Senin, 21 Februari 2011

oleh: Ririn Handayani

Kompleksnya persoalan perlindungan hukum dan jaminan keamanan bagi tenaga kerja Indonesia (TKI) di Arab Saudi yang tidak menemui titik temu akhirnya memaksa pemerintah bertindak tegas dengan melakukan pengetatan pengiriman TKI ke negara tersebut. Kebijakan yang berlangsung selama tiga bulan ini dimaksudkan untuk mengevaluasi sistem penempatan dan perlindungan TKI di Arab Saudi sekaligus membenahi titik lemahnya. Komisi Rekrutmen Nasional Kamar Dagang dan Industri (Kadin) Arab Saudi pada 14 Februari lalu juga telah mengumumkan penghentian sementara penerimaan TKI.

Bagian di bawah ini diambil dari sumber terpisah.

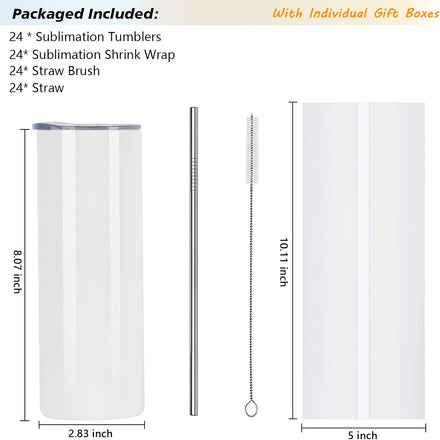• GREAT DIY GIFT: The straight tumblers sublimation set includes 24 tumbler for sublimation, 24 straws, 24 straw brushes and 24 shrink wrap. You can diy a great gift for your family, friends, besties, sisters, coworkers.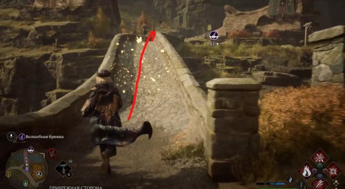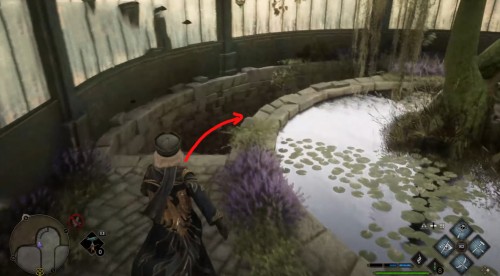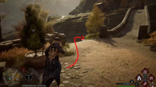Отправляйтесь в указанную точку, а потом поверните налево и пройдите по каменному мосту. Оказавшись на другой стороне, снова сверните влево и начните обходить дом. Когда увидите тележку слева, наложите на себя невидимость и подойдите к сундучку с глазом.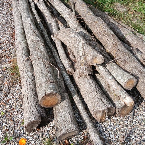 Rigtig fine egetræs stammer som har stået i en remisse ved jernbanen, så det er rigtig fine stammer, sælges til 1000,- pr styk, der er ca. 5 m3 svarende til 7,6 skov rummeter.

Agen-agen perekrutan disarankan untuk tidak menerima visa kerja TKI. Jika ternyata langkah tersebut tak cukup efektif mereduksi masalah, bukan tidak mungkin pemerintah akan mengambil kebijakan yang lebih ekstrem yakni moratorium atau zero placement (penempatan nol). Jika akhirnya kebijakan ini terpaksa diambil, zero placement ke Arab Saudi patut diapresiasi karena sejak lama masyarakat sudah meminta pemerintah memberlakukan moratorium atau penghentian pengiriman dan penempatan TKI ke negara tersebut. Di negara yang menjadi pengimpor pembantu rumah tangga (PRT) terbesar dari Indonesia ini, diperkirakan sekitar 3,3 juta TKI bekerja sebagai PRT atau sekitar 70 persen dari total TKI yang bekerja sebagai PRT di seluruh negara tujuan.

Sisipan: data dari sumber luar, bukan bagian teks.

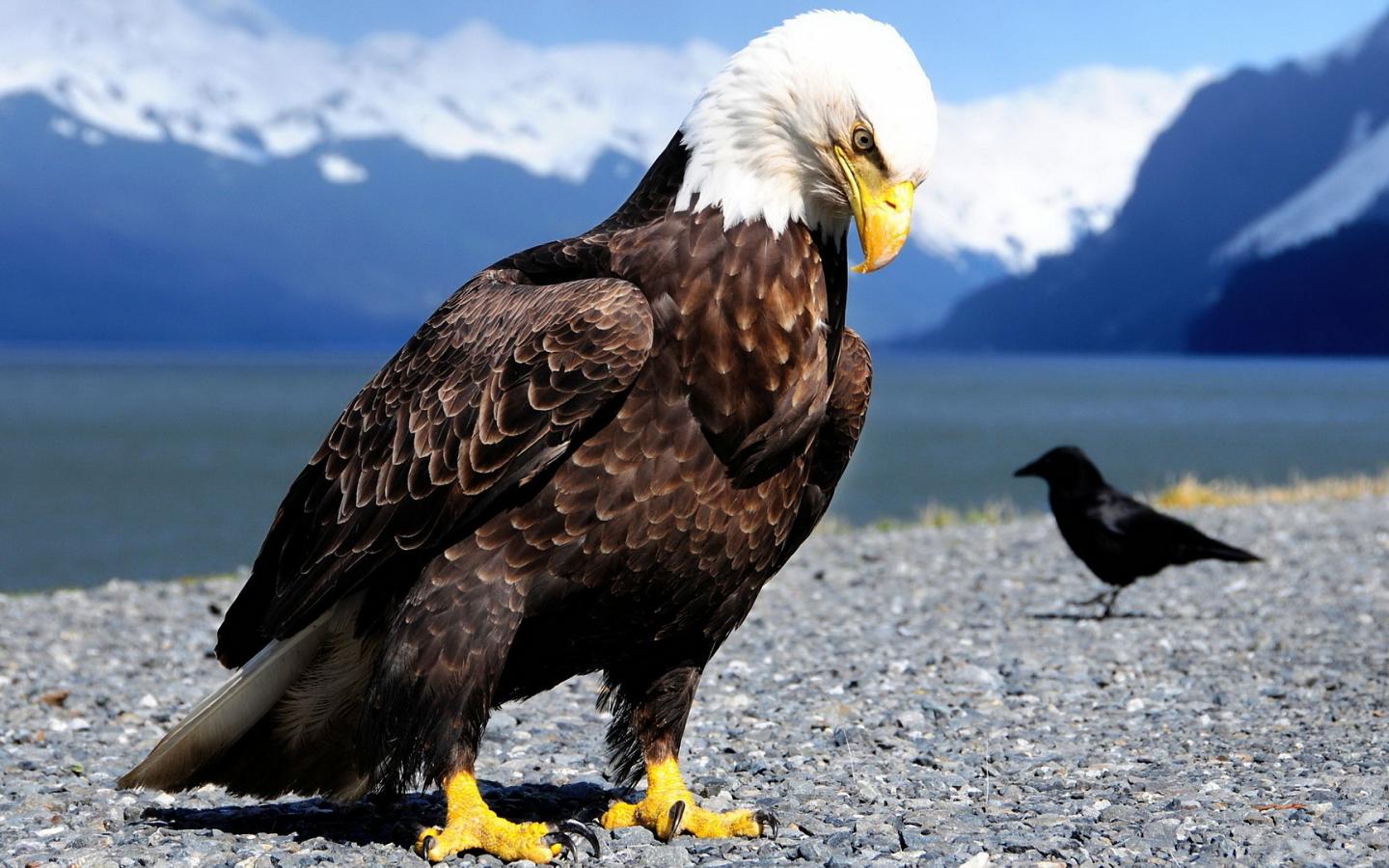 Птицы, орёл, ворона, размер, когти, клюв, перья, фокус, резкость обои для рабочего стола, картинки, фото, 1440x900. | ||||||||||||||||

Ironisnya, di negara ini pula Badan Nasional Penempatan dan Perlindungan Tenaga Kerja Indonesia (BNP2TKI) mencatat, sepanjang 2010 hingga 1 November, dari total 3.835 kasus penganiayaan yang menimpa TKI terbanyak terjadi di Arab Saudi, yakni sebanyak 55 persen. Begitu juga dengan pelecehan seksual yang mencapai 68 persen. Tak hanya itu, TKI yang pulang dalam kondisi cacat, pulang dalam kondisi hamil atau membawa anak hasil hubungan gelap atau karena ulah majikan, TKI yang bekerja bertahuntahun tanpa digaji, bahkan pulang tinggal nama, terbanyak juga dari Arab Saudi. Berbagai catatan memilukan ini lebih dari cukup untuk menyambut gembira kebijakan penempatan nol ke negara tersebut.

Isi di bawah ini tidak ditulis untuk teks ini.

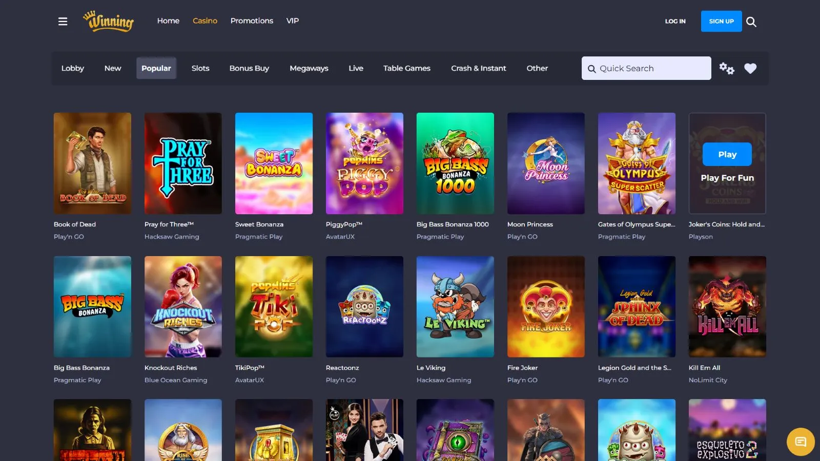 We are confident that you will be amazed by Winning.io’s offer of casino games. To find them, you can either click on the “Visit Casino” button on the homepage or click on the burger menu and select “Casino”, before you choose your desired category from the drop-down menu. On the casino page, you will see a big slider with a few promotions, and below the slider, you will notice a bar for choosing a game category.

Namun, sejumlah persoalan juga akan muncul jika kebijakan benar-benar dilaksanakan. Setelah penghentian pengiriman tenaga kerja, pemulangan TKI yang overstay atau telah habis masa kerjanya dan pulangnya para TKI yang akan segera habis masa kontraknya, bisa dipastikan jumlah pengangguran di dalam negeri akan bertambah signifi kan. Bukan tidak mungkin, tanpa langkah antisipatif yang konkret dan tepat sasaran, pengangguran baru tersebut akan menambah deret panjang daftar orang miskin di negeri ini. Sejumlah persoalan lain dipastikan akan segera menyusul dan semakin kompleks.

Masih Menjadi Pilihan

Ketidakmampuan pemerintah untuk menyediakan lapangan kerja yang memadai bagi warga negara membuat bekerja sebagai TKI menjadi alternatif terbaik bahkan lapangan kerja favorit masyarakat saat ini. Meski sejumlah kasus yang menimpa TKI terus mencuat, animo masyarakat justru meningkat. Ketika kebijakan moratorium ke Arab Saudi diberlakukan, maka sejumlah negara lain akan menjadi tujuan berikutnya. Beberapa negara yang menjadi “surga” bagi para TKI yang bekerja sebagai PRT antara lain adalah Singapura, Hong Kong dan Taiwan.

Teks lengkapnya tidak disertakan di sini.